‘Serving those who would not otherwise be served’

Benedictine Sisters’ ministry offers a new beginning for incarcerated women


by Bob Hart

On the outside, their lives are most often bleak.

Addiction. Poverty. Fear.

On the inside, things aren’t much better.

“It’s all steel and concrete. The chairs are attached to the tables. And it’s loud — very, very noisy in there — because there’s nothing to absorb the sound,” said Sister Barbara McCracken, OSB, who visits incarcerated women in the Wyandotte County Detention Center as part of her work with the Keeler Women’s Center in Kansas City, Kan.

“They can’t see outside. They can’t go outside,” she said. “They have a lot of lockdowns in their cells, sometimes 23 hours a day. It’s not good for mental health.”

And, Sister Barbara added, many of them are going through drug withdrawal — alone, sick and terribly frightened. Some, including those detoxing, are pregnant.

“What we offer them is an outreach,” said Marla Looper, Sister Barbara’s co-worker in Keeler’s ministry to incarcerated women.

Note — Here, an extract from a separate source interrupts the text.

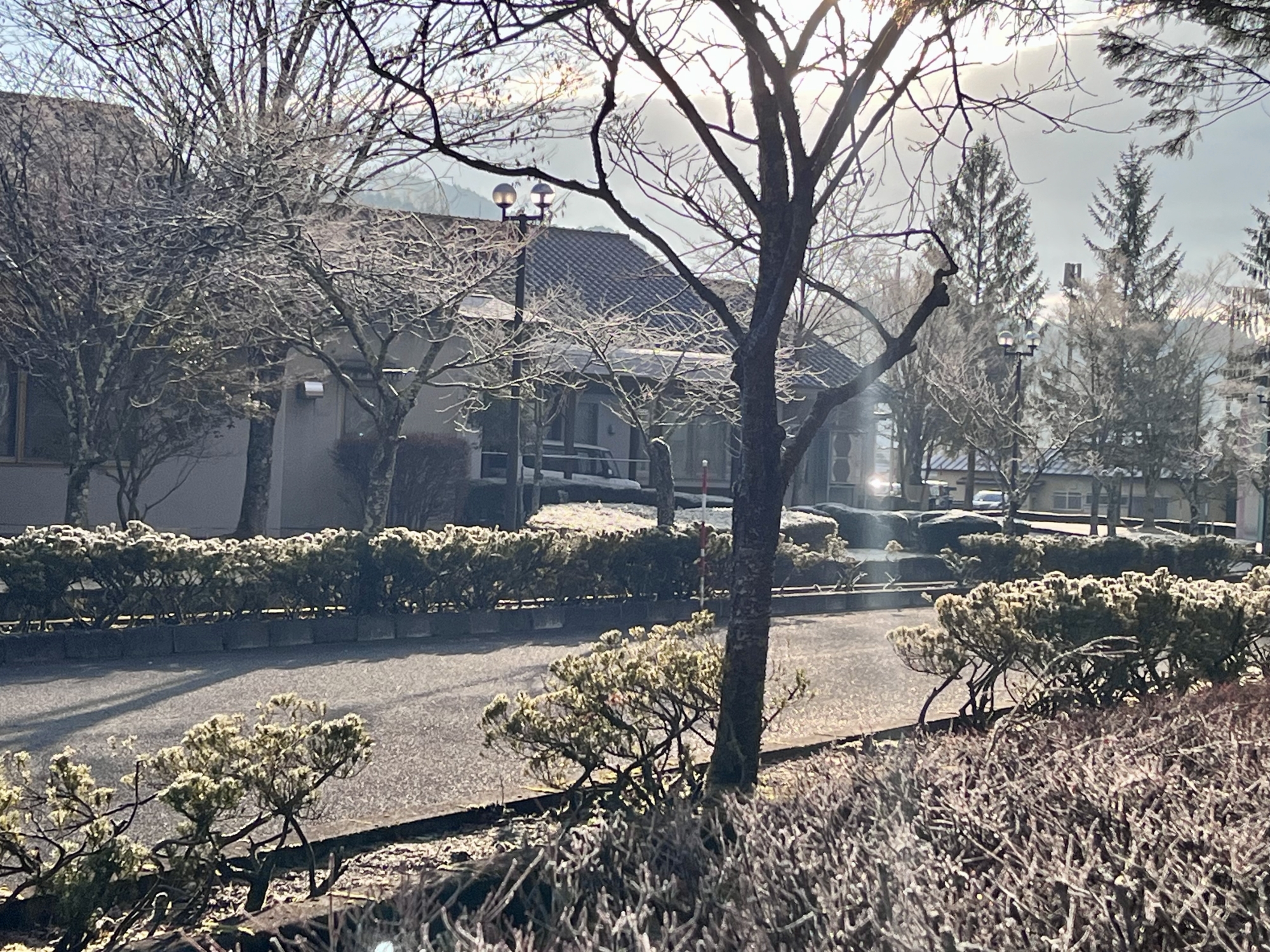 朝の山は白かった!!!

“We’re not a governmental agency,” said Looper. “We’re just people who care.

“When they see that, it’s hugely important in getting them to make that first phone call to us.”

No boundaries

Get your life together. Pull yourself up by your bootstraps. Just say no.

Well-intentioned individuals and society as a whole are full of advice for drug addicts, alcoholics and criminals. What they may lack at times is an understanding of the big picture in the lives of those people, particularly women.

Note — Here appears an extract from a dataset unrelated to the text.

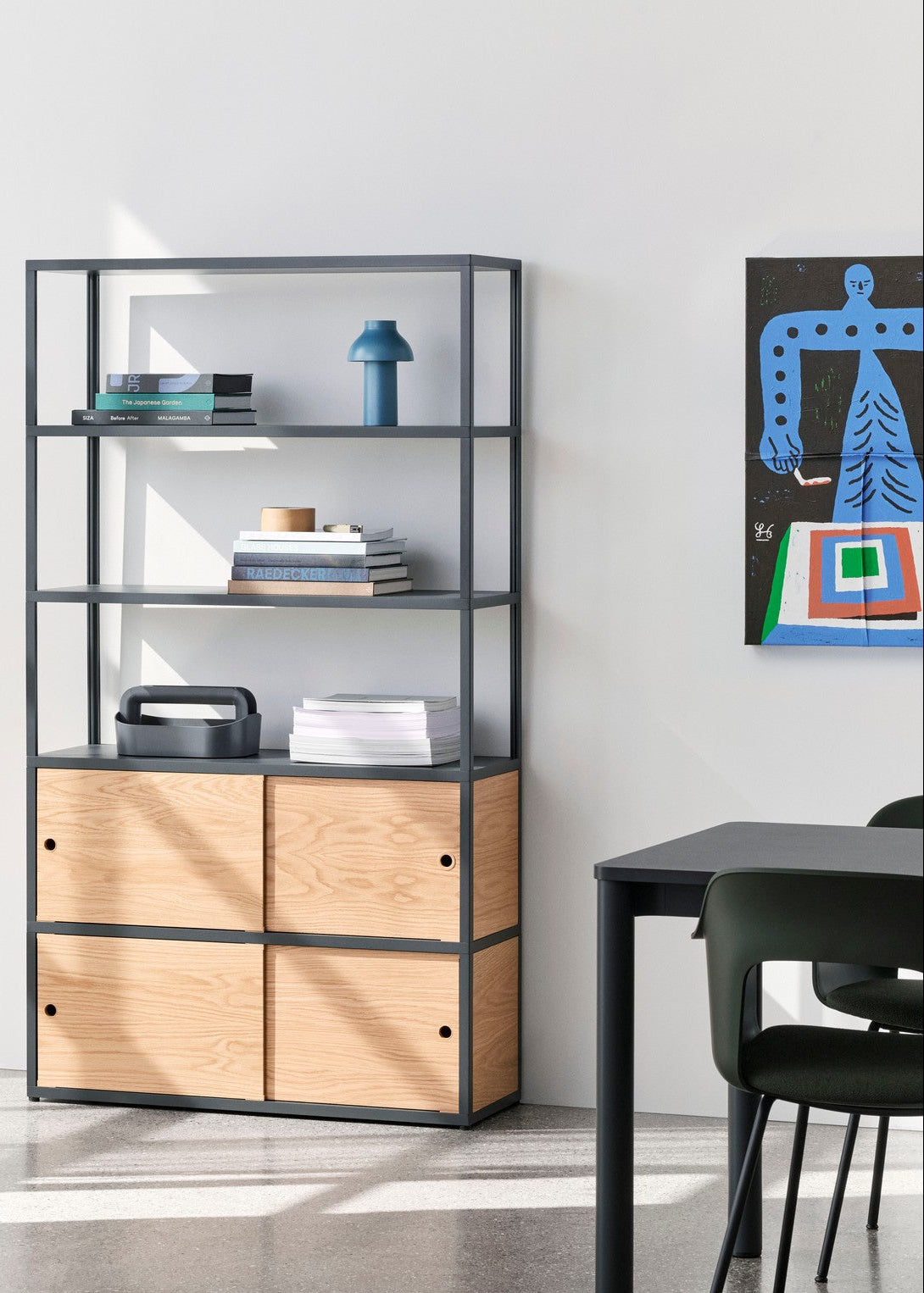 Kombi 503 er et højt, rummeligt møbel med åbne hylder til bøger, mapper og objekter, kombineret med to store trælåger, der skaber et roligt og sammenhængende frontudtryk og skjuler det, der ikke behøver stå fremme. Proportionerne gør reolen oplagt som solitær i stuen, som velorganiseret opbevaring i kontoret eller som diskret rumdeler. Den lette konstruktion står visuelt slankt, men er udviklet til professionel brug og testet efter internationale standarder for styrke og holdbarhed, så du kan indrette trygt i mange år. HAY arbejder samtidig med certificerede materialer og dokumenteret kvalitet, så du får et møbel med lav vedligeholdelse og lang levetid.

Sister Barbara painted a composite picture of a woman being released from jail and struggling to get her life on the right track.

She’s a drug addict. She’s homeless. She’s faced a lifetime of domestic abuse. She lacks support from a spouse, partner or family. She has no money and no job skills. She may not even have any form of identification, like a driver’s license or birth certificate. And she’s quite accustomed to being dismissed — as unworthy, as a bother, as a statistic.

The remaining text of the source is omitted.